Source data:
_ _ _ _

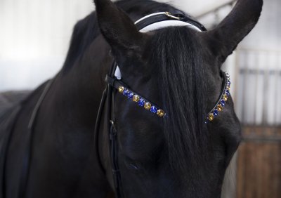 Изогнутый налобный ремень с цепочкой из больших цветных стразов на мягкой основе. Крючки застежки.
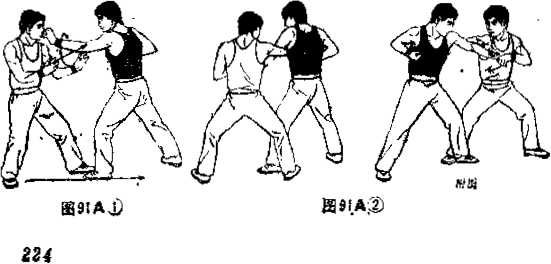 腕部内侧并用右肘向上挡开乙方的左手。(图91但)
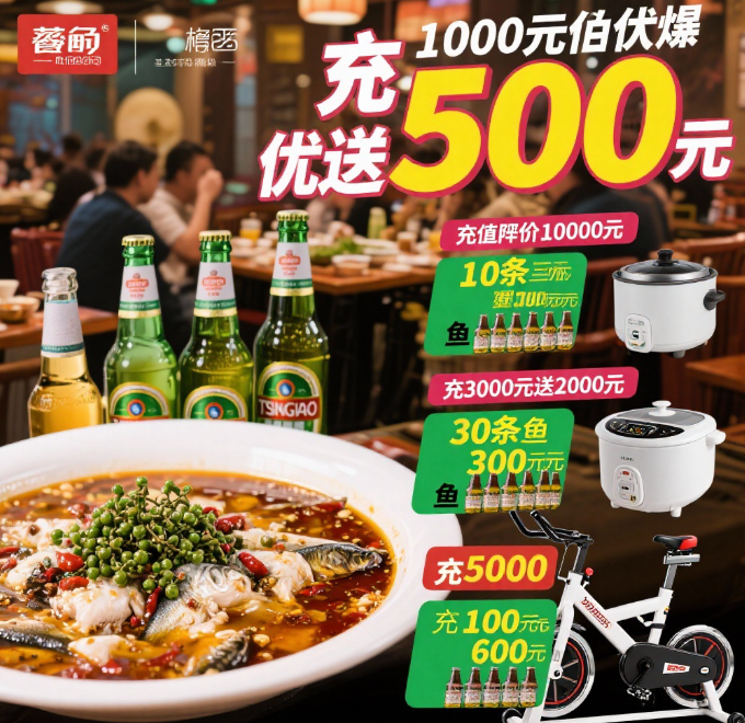 (一)充 1000 元,送 500 元,送 10 条藤椒鱼、100 瓶啤酒。

_ _ _ _

Task prompt: Without including any pictures, reproduce the data exactly.

Written response:
 Изогнутый налобный ремень с цепочкой из больших цветных стразов на мягкой основе. Крючки застежки.
 腕部内侧并用右肘向上挡开乙方的左手。(图91但)
 (一)充 1000 元,送 500 元,送 10 条藤椒鱼、100 瓶啤酒。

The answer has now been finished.